(Material shown)
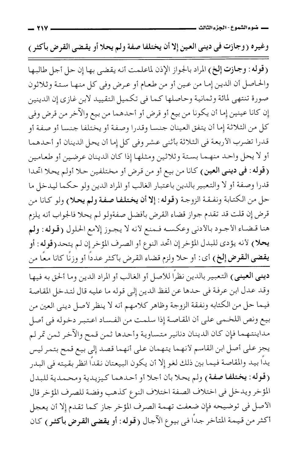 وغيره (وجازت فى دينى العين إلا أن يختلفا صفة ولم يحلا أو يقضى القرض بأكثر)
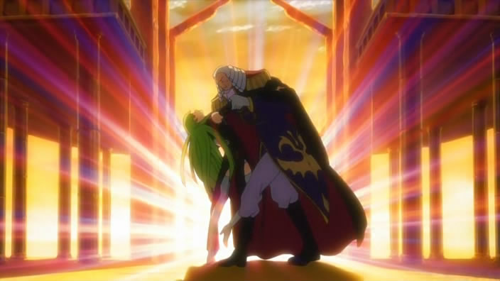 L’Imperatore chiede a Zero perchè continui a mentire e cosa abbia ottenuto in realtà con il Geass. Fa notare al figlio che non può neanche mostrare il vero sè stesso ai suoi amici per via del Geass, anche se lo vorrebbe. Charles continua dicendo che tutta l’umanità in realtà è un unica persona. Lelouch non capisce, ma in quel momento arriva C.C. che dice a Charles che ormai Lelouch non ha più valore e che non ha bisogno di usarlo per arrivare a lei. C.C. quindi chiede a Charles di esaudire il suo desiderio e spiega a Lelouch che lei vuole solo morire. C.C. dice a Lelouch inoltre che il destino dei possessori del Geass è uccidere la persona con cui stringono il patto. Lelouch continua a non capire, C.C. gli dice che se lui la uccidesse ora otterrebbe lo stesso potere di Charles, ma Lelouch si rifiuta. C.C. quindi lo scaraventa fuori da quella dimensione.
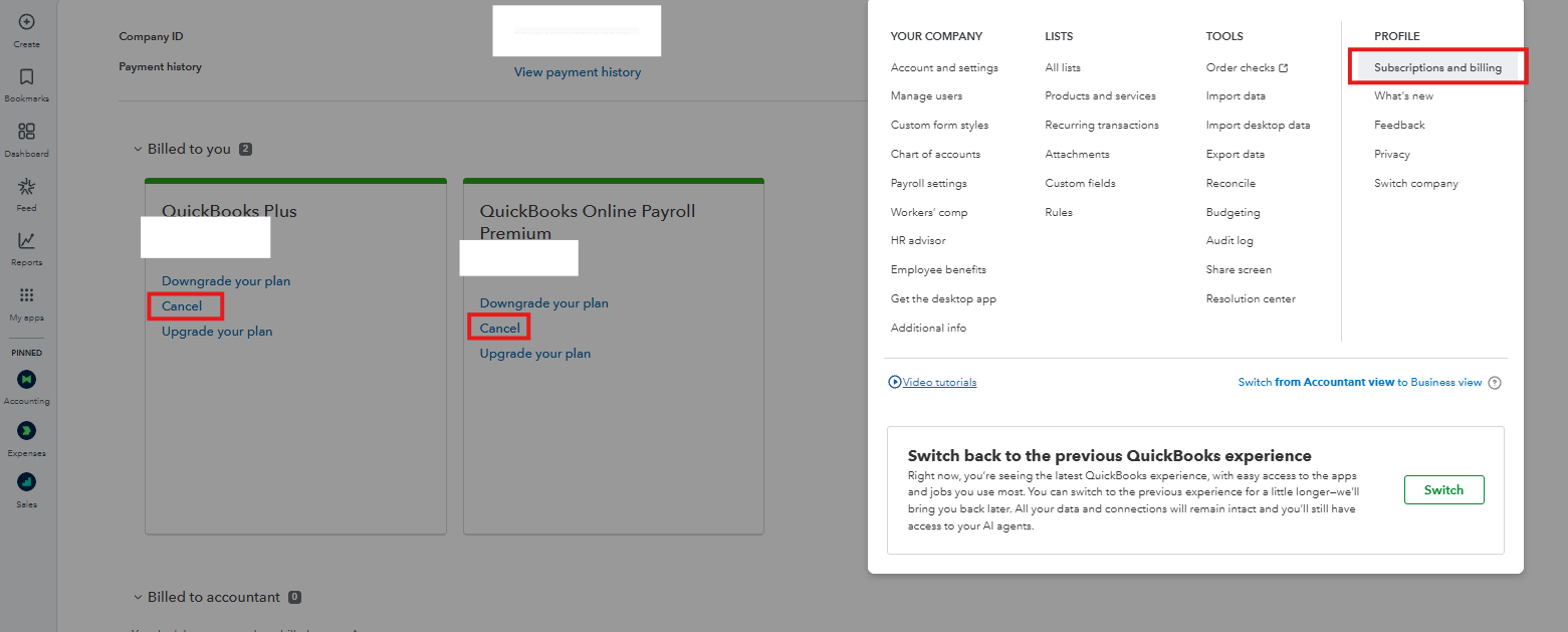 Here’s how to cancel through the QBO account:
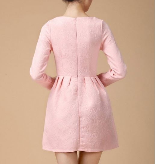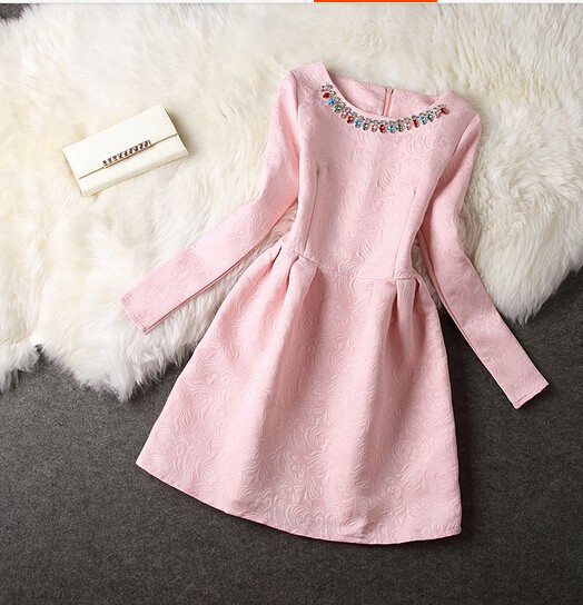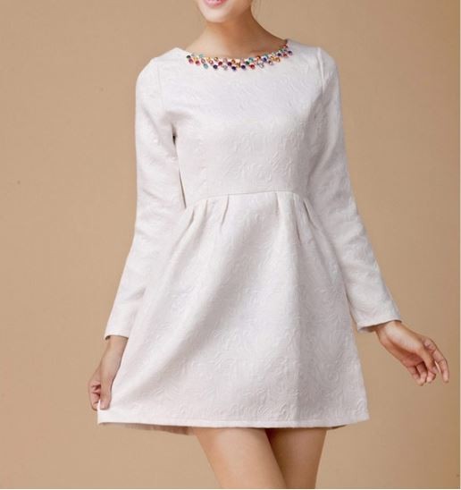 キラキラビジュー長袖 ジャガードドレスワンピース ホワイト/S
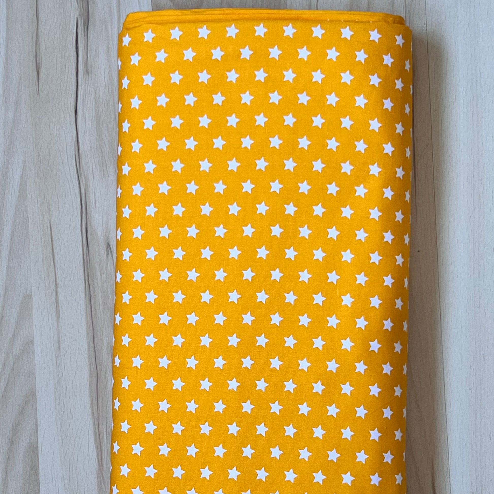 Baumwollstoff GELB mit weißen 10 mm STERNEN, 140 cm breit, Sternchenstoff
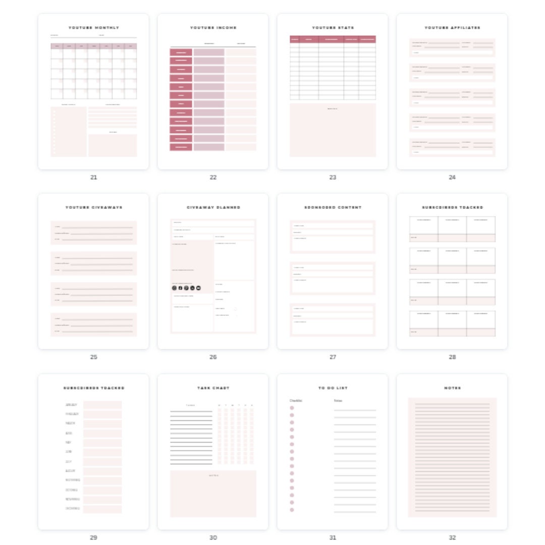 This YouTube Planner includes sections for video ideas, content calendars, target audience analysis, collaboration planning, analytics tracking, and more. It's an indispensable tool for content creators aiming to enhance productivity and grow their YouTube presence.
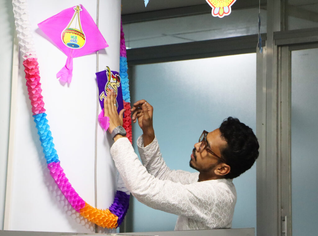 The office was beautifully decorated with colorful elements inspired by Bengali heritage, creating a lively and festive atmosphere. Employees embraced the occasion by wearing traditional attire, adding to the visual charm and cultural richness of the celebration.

(Instructions to follow) Without including any image, reproduce the full listing above as written.

(Result of this task)
 وغيره (وجازت فى دينى العين إلا أن يختلفا صفة ولم يحلا أو يقضى القرض بأكثر)
 L’Imperatore chiede a Zero perchè continui a mentire e cosa abbia ottenuto in realtà con il Geass. Fa notare al figlio che non può neanche mostrare il vero sè stesso ai suoi amici per via del Geass, anche se lo vorrebbe. Charles continua dicendo che tutta l’umanità in realtà è un unica persona. Lelouch non capisce, ma in quel momento arriva C.C. che dice a Charles che ormai Lelouch non ha più valore e che non ha bisogno di usarlo per arrivare a lei. C.C. quindi chiede a Charles di esaudire il suo desiderio e spiega a Lelouch che lei vuole solo morire. C.C. dice a Lelouch inoltre che il destino dei possessori del Geass è uccidere la persona con cui stringono il patto. Lelouch continua a non capire, C.C. gli dice che se lui la uccidesse ora otterrebbe lo stesso potere di Charles, ma Lelouch si rifiuta. C.C. quindi lo scaraventa fuori da quella dimensione.
 Here’s how to cancel through the QBO account:
 キラキラビジュー長袖 ジャガードドレスワンピース ホワイト/S
 Baumwollstoff GELB mit weißen 10 mm STERNEN, 140 cm breit, Sternchenstoff
 This YouTube Planner includes sections for video ideas, content calendars, target audience analysis, collaboration planning, analytics tracking, and more. It's an indispensable tool for content creators aiming to enhance productivity and grow their YouTube presence.
 The office was beautifully decorated with colorful elements inspired by Bengali heritage, creating a lively and festive atmosphere. Employees embraced the occasion by wearing traditional attire, adding to the visual charm and cultural richness of the celebration.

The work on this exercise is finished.